:: Exercise instructions ::
When you write out the listing below, keep each word exactly as it stands and drop the pictures.

:: Task data ::
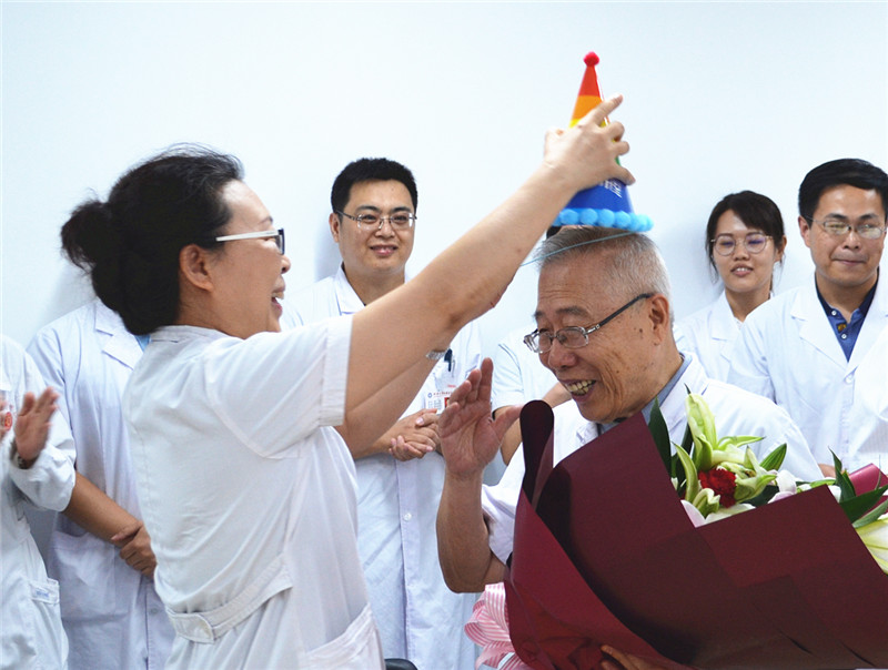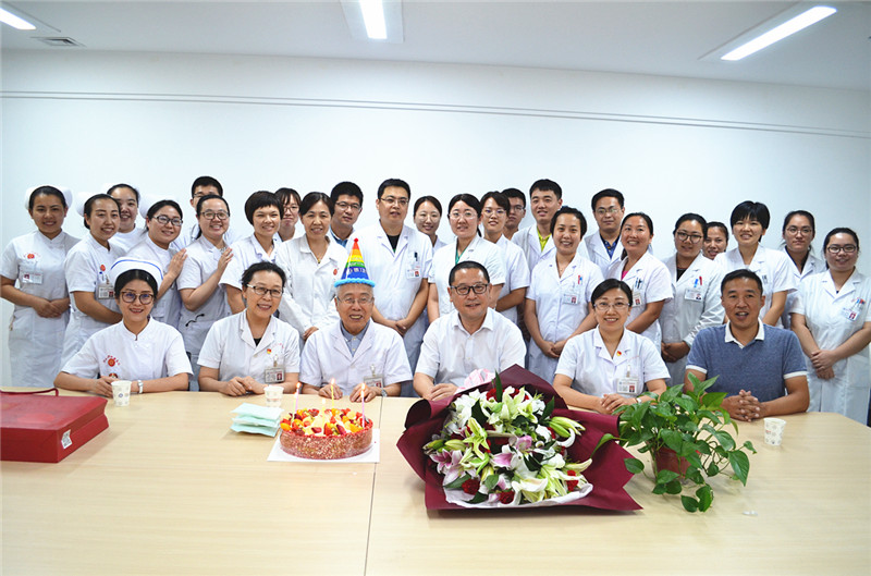 我院党委副书记陈冰带领党办室、第二党总支书记等同志来到消化内科向陈贤栎教授送上了诚挚的生日祝福,并转达了我院党委书记申世刚、我院院长张海松对陈贤栎教授的问候,并祝愿他健康长寿、幸福安康。我院消化内科全体医护人员也为陈贤栎教授精心准备了生日蛋糕和鲜花,在热烈的掌声及祝福的心声中共同为陈老庆祝生日。
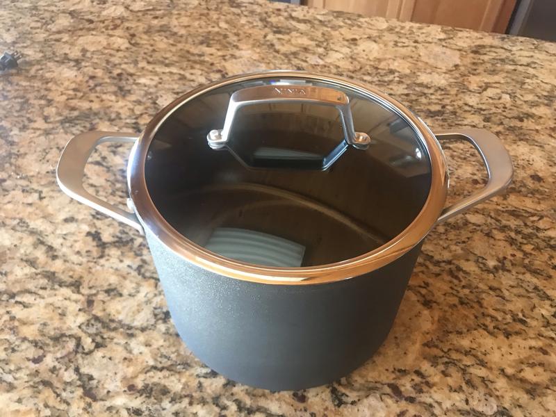 I've had my NeverStick Set for over a year now. It's never failed me, until I realized I needed a larger stock pot. Which my original set did not included. Because it certainly would have come in handy during the Holiday Season. The largest pot from my original set, nests neatly inside the stock pot. Making storage a breeze.
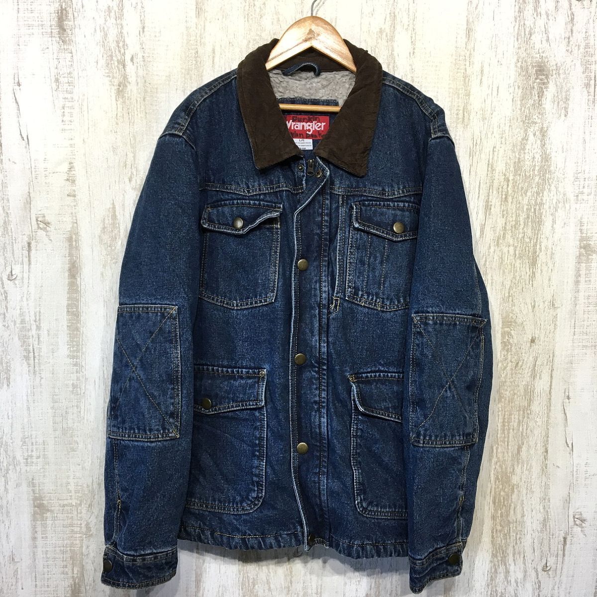 - V489☆【アメカジ 裏ボア デニムジャケット カバーオール】wrangler ラングラー ジージャン L
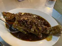 The sea bass was fried to a perfect crisp with tender meat beneath the golden skin, and the savory soy sauce brought everything together. The black pepper beef had a strong, punchy kick that paired well with rice, while the drunken prawns were fresh and fragrant with Chinese wine.
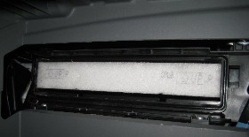 Корпус воздушного фильтра находится под капотом в правой задней части. Следует откинуть пару металлических застежек, чтобы можно было вытащить кассету с фильтром. Далее надо извлечь фильтр и осмотреть с обеих сторон.
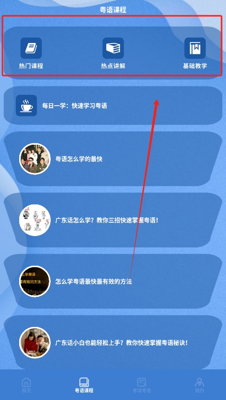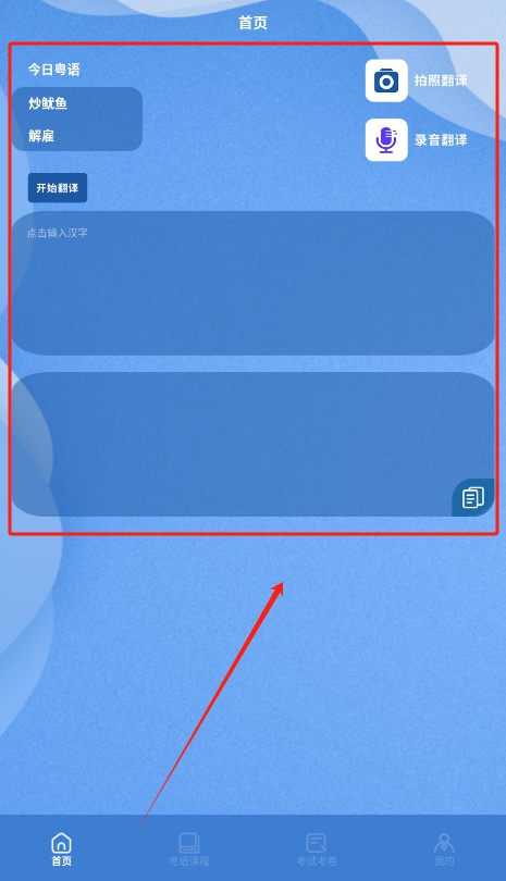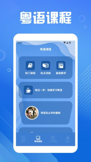 2、在主页中选择需要的功能,例如粤语翻译或视频课程,系统会根据用户需求提供相应的学习内容及工具。

:: Reply to the exercise ::
 我院党委副书记陈冰带领党办室、第二党总支书记等同志来到消化内科向陈贤栎教授送上了诚挚的生日祝福,并转达了我院党委书记申世刚、我院院长张海松对陈贤栎教授的问候,并祝愿他健康长寿、幸福安康。我院消化内科全体医护人员也为陈贤栎教授精心准备了生日蛋糕和鲜花,在热烈的掌声及祝福的心声中共同为陈老庆祝生日。
 I've had my NeverStick Set for over a year now. It's never failed me, until I realized I needed a larger stock pot. Which my original set did not included. Because it certainly would have come in handy during the Holiday Season. The largest pot from my original set, nests neatly inside the stock pot. Making storage a breeze.
 - V489☆【アメカジ 裏ボア デニムジャケット カバーオール】wrangler ラングラー ジージャン L
 The sea bass was fried to a perfect crisp with tender meat beneath the golden skin, and the savory soy sauce brought everything together. The black pepper beef had a strong, punchy kick that paired well with rice, while the drunken prawns were fresh and fragrant with Chinese wine.
 Корпус воздушного фильтра находится под капотом в правой задней части. Следует откинуть пару металлических застежек, чтобы можно было вытащить кассету с фильтром. Далее надо извлечь фильтр и осмотреть с обеих сторон.
 2、在主页中选择需要的功能,例如粤语翻译或视频课程,系统会根据用户需求提供相应的学习内容及工具。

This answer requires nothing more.